Start of INFORMATION SHOWN
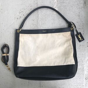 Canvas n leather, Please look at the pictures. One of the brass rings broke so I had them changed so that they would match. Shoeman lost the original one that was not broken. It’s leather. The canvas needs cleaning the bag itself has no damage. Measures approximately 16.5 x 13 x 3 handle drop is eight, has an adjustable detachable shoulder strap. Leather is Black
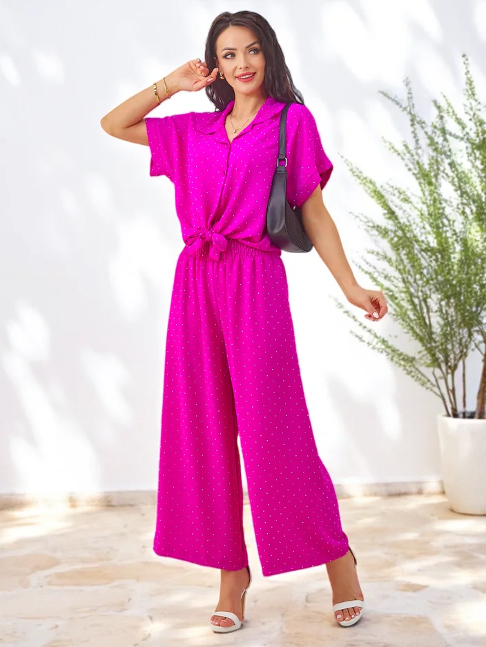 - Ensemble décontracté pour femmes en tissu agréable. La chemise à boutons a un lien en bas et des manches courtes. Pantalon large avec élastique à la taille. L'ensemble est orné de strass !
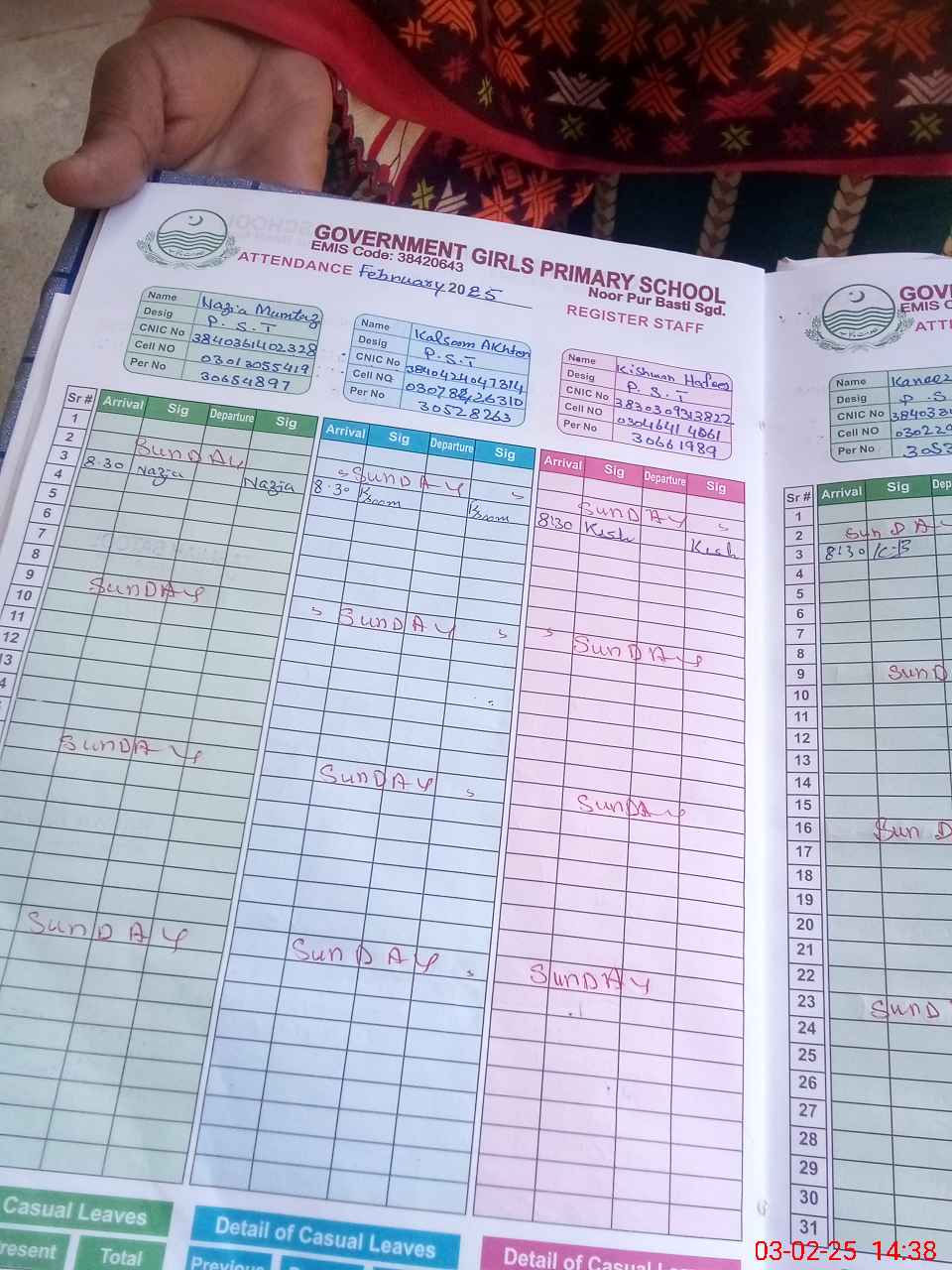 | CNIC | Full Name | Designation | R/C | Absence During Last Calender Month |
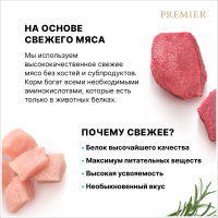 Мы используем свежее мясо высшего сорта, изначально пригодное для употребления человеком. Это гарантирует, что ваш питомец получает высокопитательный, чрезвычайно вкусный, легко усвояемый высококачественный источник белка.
End of INFORMATION SHOWN
-- EXERCISE DIRECTIONS --
Since the pictures are not wanted, write out the rest of the data exactly as it reads.

-- RESPONSE FOR THIS EXERCISE --
 Canvas n leather, Please look at the pictures. One of the brass rings broke so I had them changed so that they would match. Shoeman lost the original one that was not broken. It’s leather. The canvas needs cleaning the bag itself has no damage. Measures approximately 16.5 x 13 x 3 handle drop is eight, has an adjustable detachable shoulder strap. Leather is Black
 - Ensemble décontracté pour femmes en tissu agréable. La chemise à boutons a un lien en bas et des manches courtes. Pantalon large avec élastique à la taille. L'ensemble est orné de strass !
 | CNIC | Full Name | Designation | R/C | Absence During Last Calender Month |
 Мы используем свежее мясо высшего сорта, изначально пригодное для употребления человеком. Это гарантирует, что ваш питомец получает высокопитательный, чрезвычайно вкусный, легко усвояемый высококачественный источник белка.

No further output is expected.